Before getting started, let’s consider the testing environment for a moment. Running tests on a live database is strongly discouraged because other running processes (such as CRM interactions, e-commerce transactions, users registrations etc.) would affect the test case; we also do not want our tests interfering with live transactions. Although we will need to test concurrent reads/writes and data coherence, we will always require complete control of these processes and exclusive access to the data, so we will run all the tests on an isolated environment that includes dedicated storage not affected by any external agent.

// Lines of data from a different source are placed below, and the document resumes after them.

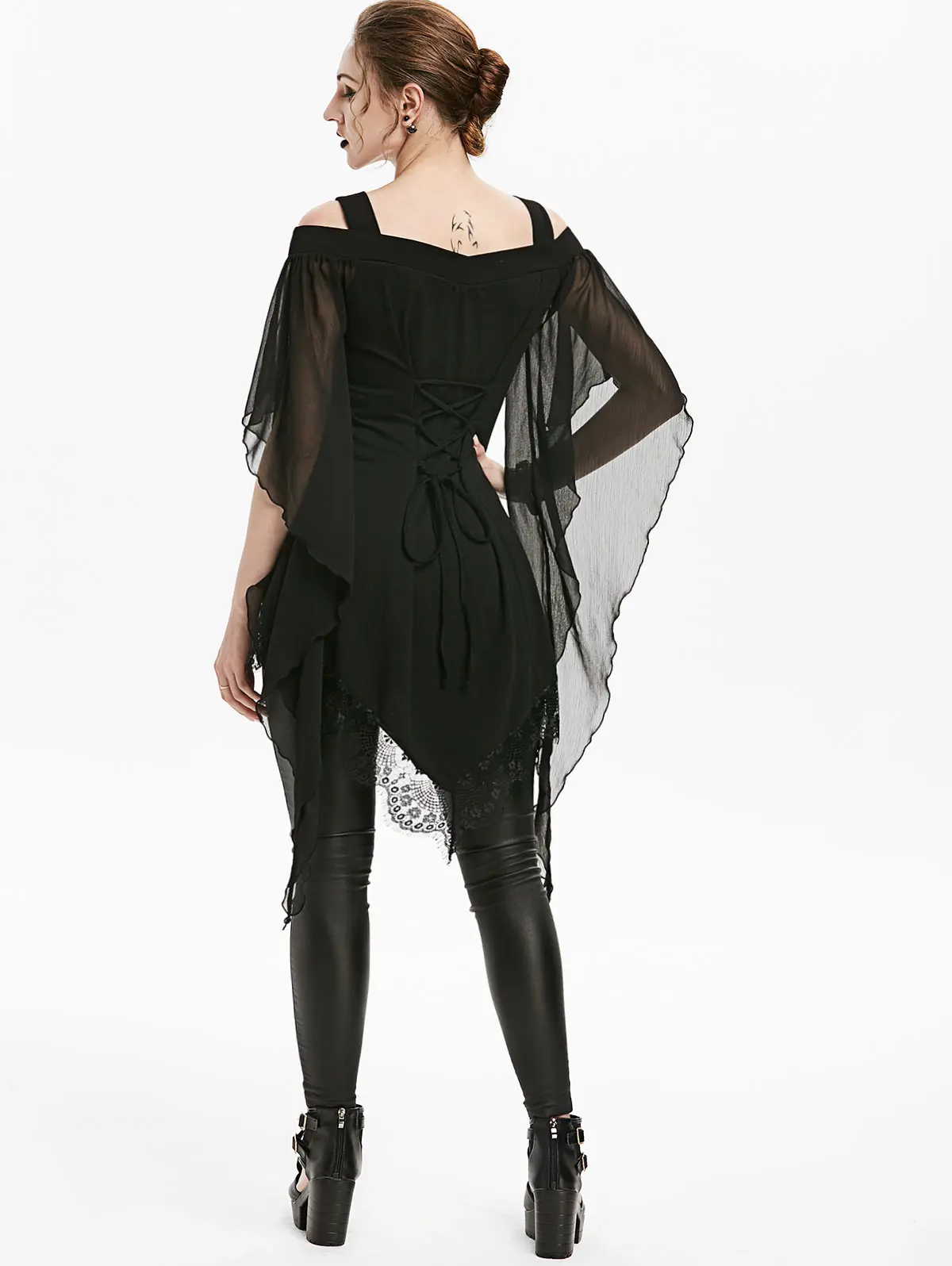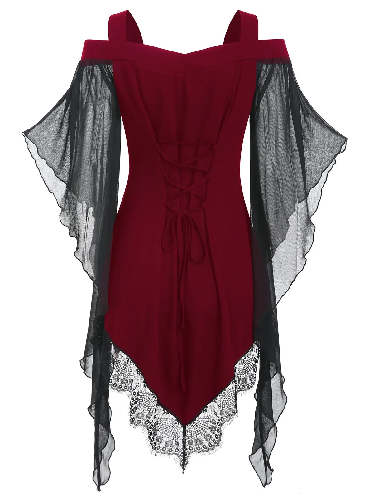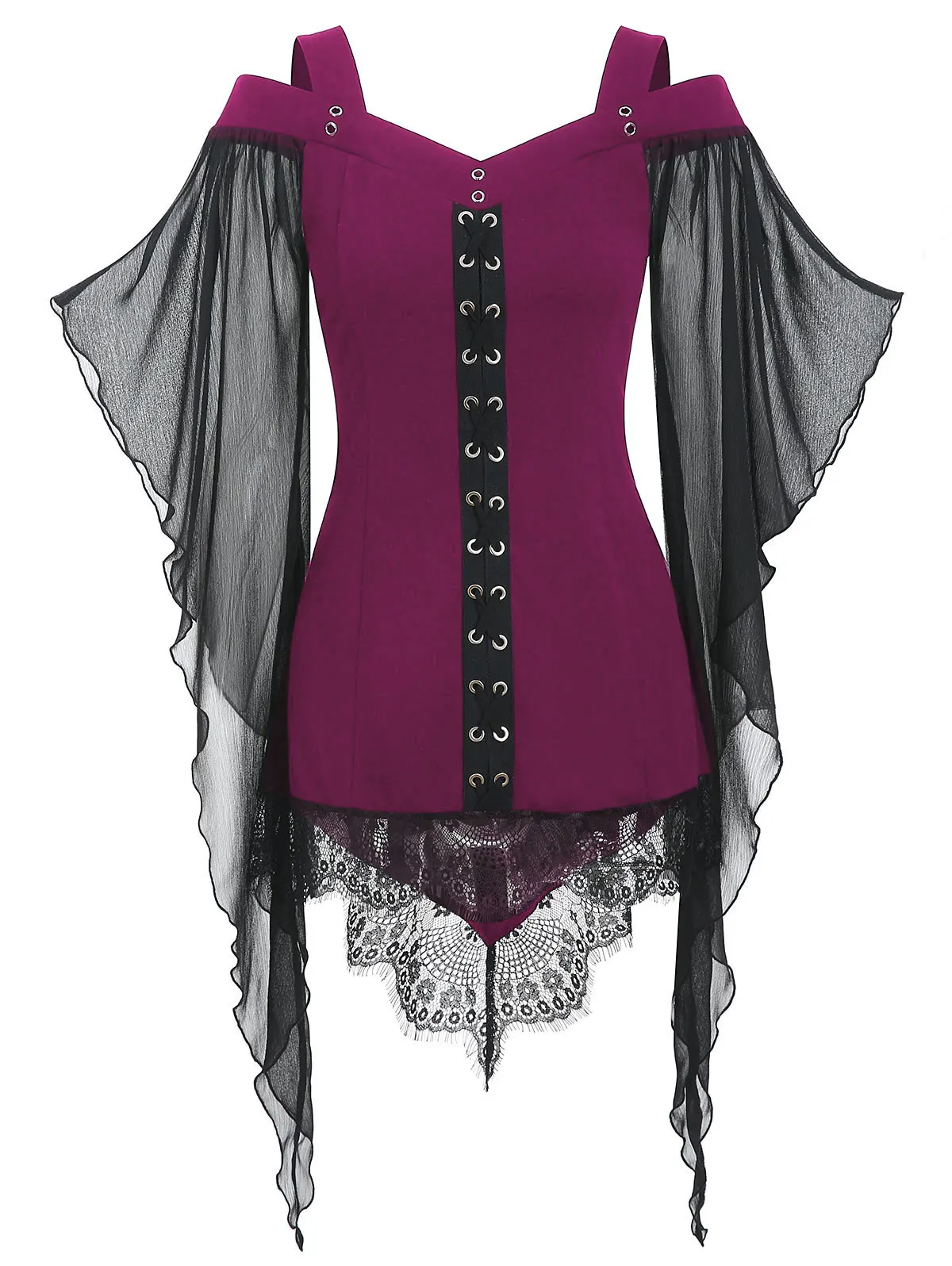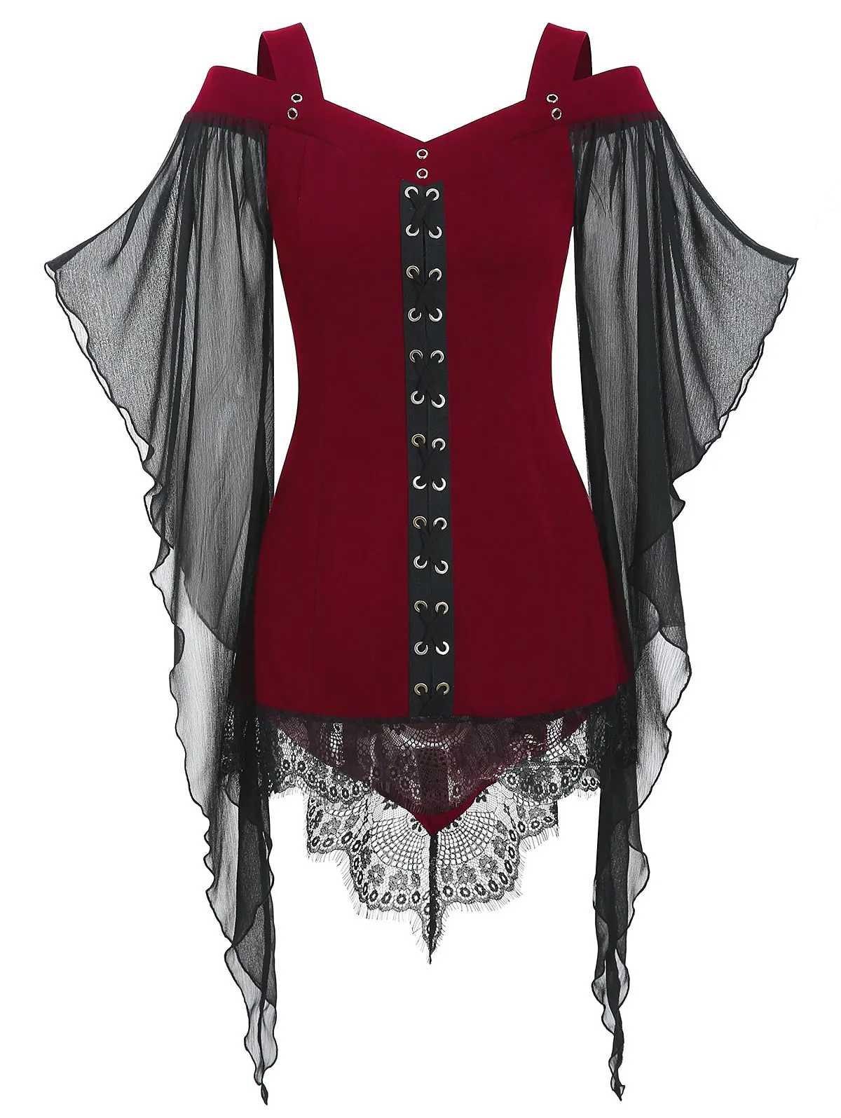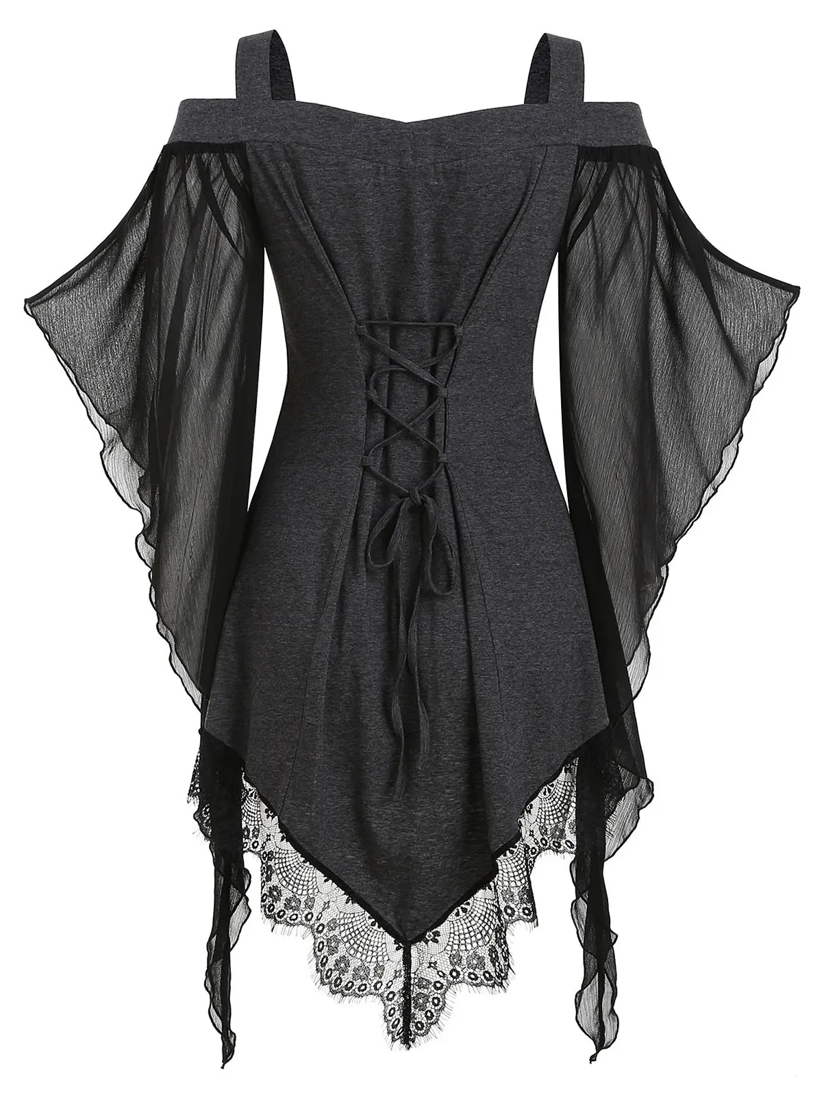 Лето Осень Готическая Футболка крест-накрест кружевная панель холодное плечо футболка длинная рубашка три четверти Милая Шея ретро сексуальный топ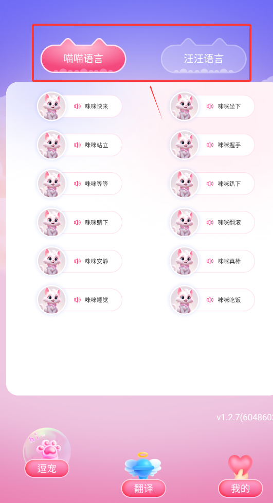 1、进入首页后可以选择宠物类别,按住语音输入需要对猫狗的话,即可沟通。
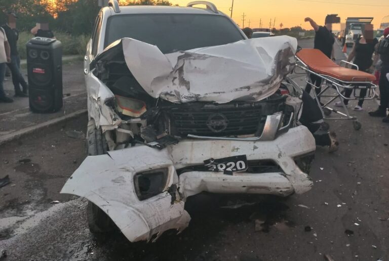 Guasave, Sin.- Un fuerte choque tipo carambola con salida de camino dejó como resultado dos personas lesionadas, la tarde de este miércoles sobre la carretera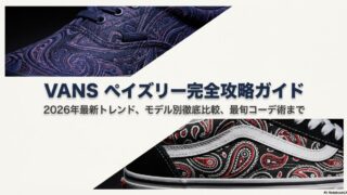 2026年に流行するVansのペイズリー新作モデルの全貌と、バンダナ柄との違いを徹底解説します。ABCマート限定やOTWなど、注目のVansのペイズリー新作の入手方法から、男女別の最旬コーデ術まで網羅。抽選販売の情報も交え、運命の一足選びをサポートします。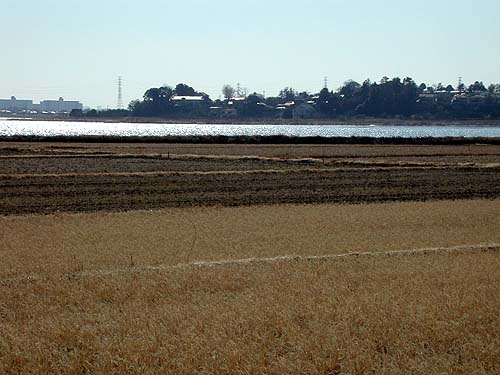 牛久沼をはさんで北側の庄兵衛新田からの遠望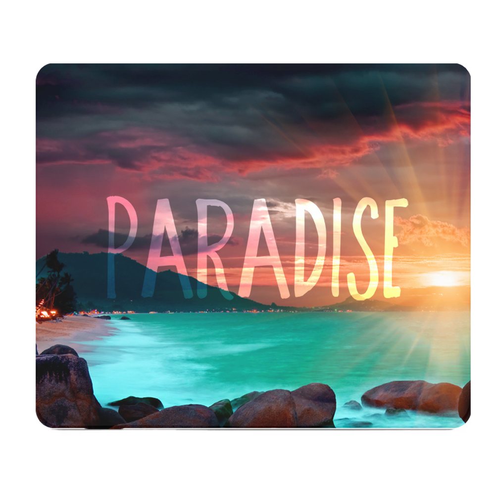 - Vivid ocean and beach artwork: A turquoise sea, warm sunset tones, and a bold “Paradise” motif to brighten your setup.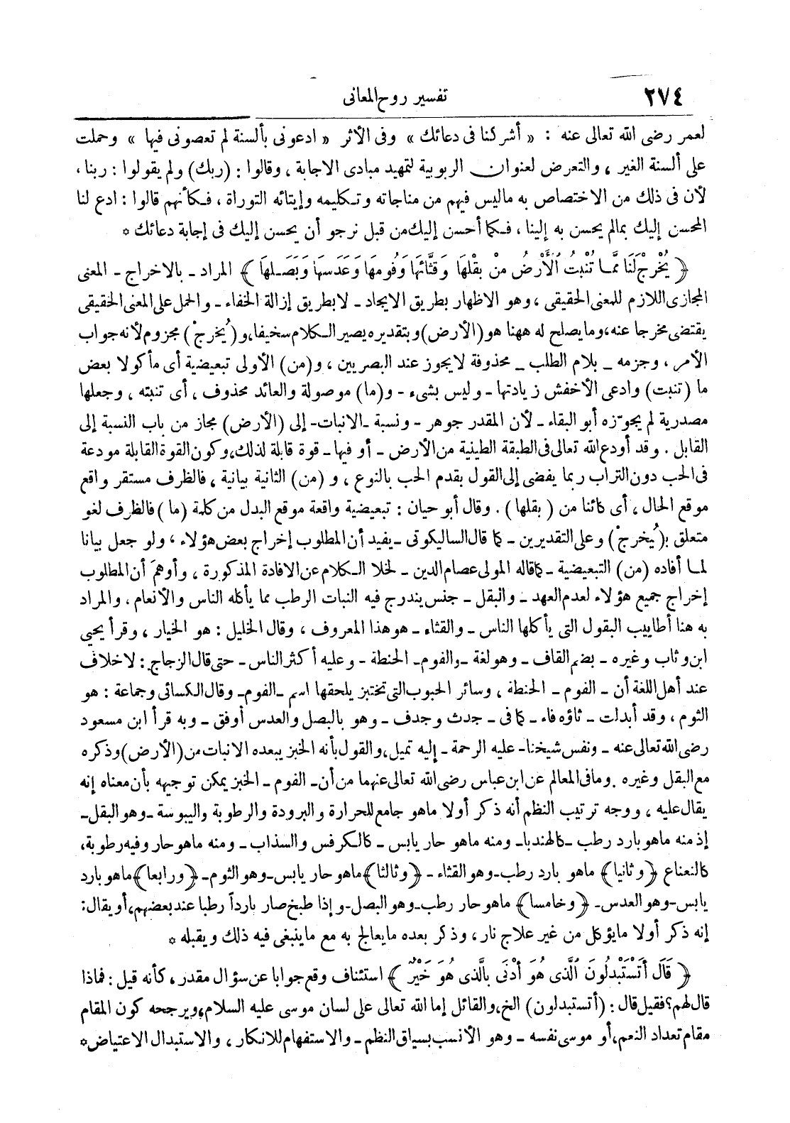يخرج لنا مما تنبت الأرض من بقلها وقثائها وفومها وعدسها وبصلها المراد بالإخراج المعنى المجازي اللازم للمعنى الحقيقي وهو الإظهار بطريق الإيجادلا بطريق إزالة الخفاء والحمل على المعنى الحقيقي يقتضي مخرجا عنه وما يصلح له ههنا هو الأرض وبتقديره يصير الكلام سخيفا و يخرج مجزوم لأنه جواب الأمر وجزمه بلام الطلب محذوفة لا يجوز عند البصريين و من الأولى تبعيضية أي مأكولا بعض ما تنبت وأدعى الأخفش زيادتها وليس بشيء و ما موصولة والعائد محذوف أي تنبته وجعلها مصدرية لم يجوزه أبو البقاء لأن المقدر جوهر ونسبةالإنبات إلى الأرض مجاز من باب النسبة إلى القاب وقد أودع الله تعالى في الطبقة الطينية من الأرض أو فيها قوة قابلة لذلك وكون القوة القابلة مودعة في الحب دون التراب ربما يفضي إلى القول بقدم الحب بالنوع و من الثانية بيانية فالظرف مستقر واقع موقع الحال اي كائنا من بقلها وقال أبو حيان : تبعيضية واقعة موقع البدل من كلمة ما فالظرف لغو متعلق ب يخرج وعلى التقديرين كما قال الساليكوتي يفيد أن المطلوب إخراج بعض هؤلاء ولو جعل بيانا لما أفاده من التبعيضية كما قاله المولى عصام الدينل خلا الكلام عن الإفادة المذكورة وأوهم أن المطلوب إخراج جميع هؤلاء لعدم العهد والبقل جنس يندرج فيه النبات الرطب مما يأكله الناس والأنعام والمراد به هنا أطابيب البقول التي يأكلها الناس والقثاء هو هذا المعروف وقال الخليل : هو الخيار وقرأ يحيى إبن وثاب وغيرهبضم القاف وهو لغة والفو ما لحن أكثر الناس حتى قال الزجاج : لا خلاف عند أهل اللغة أنا لقوما لحنطة وسائر الحبوب التي تختبز يلحقها أسم الفوم وقال الكسائي وجماعة : هو الثوم وقد أدل تثاؤه فاءكما فيجدث وجد ف وهو بالبصل والعدس أو فقو به قرأ إبن مسعود رضي الله تعالى عنه ونفس شيخنا عليه الرحمة إليه تميل والقول بأنه الخبز يبعده الإنبات من الأرض وذكره مع البقل وغيره وما في المعالم عن إبن عباس رضي الله تعالى عنهما منا لقوما لخبز يمكن توجيهه بأن معناه إنه يقال عليه ووجه ترتيب النظم أنه ذكر أولا ما هو جامع للحرارة والبرودة والرطوبة واليبوسة وهو البقل إذ منه ما هو بارد رطب كالهندبا ومنه ما هو حار يابس كالكرفس والسذاب ومنه ما هو حار وفيه رطوبة كالنعناع وثانيا ما هو بارد رطبوه والقثاء وثالثا ما هو حار يابس وهو الثوم ورابعا ما هو بارد يابس وهو العدس وخامسا ما هو حار رطبوه والبصل وإذا طبخ صار باردا رطبا عند بعضهم أو يقال : إنه ذكر أولا ما يؤكل من غير علاج نار وذكر بعده ما يعالج به مع ما ينبغي فيه ذلك ويقبله

Database testing challenges

Creating database test cases can be a long and complex process, but in short the steps are as follows:

  1. Identify the dataset for each domain model
  2. Replicate the production data schema in the testing environment
  3. Create data for the tests, since we don’t want to use real data such as emails, credit cards numbers, images etc.
  4. Prepare the expected dataset to compare our test results
  5. Rebuild the dataset before each test, since multiple tests could conflict and cause our test cases to fail

 

We will visit each of the steps needed to create the database test cases, automating most of the work and describing the best practices for the tasks. With further development it would also be possible to speed up the creation of the data required (2 and 3), and eventually focus only on writing tests and assertions.

Database Testing Checklist: What To Test

Before starting, we need to identify what we intend to test with our Database Test Case. Database testing focuses on the database access layer, where the application communicates with the database.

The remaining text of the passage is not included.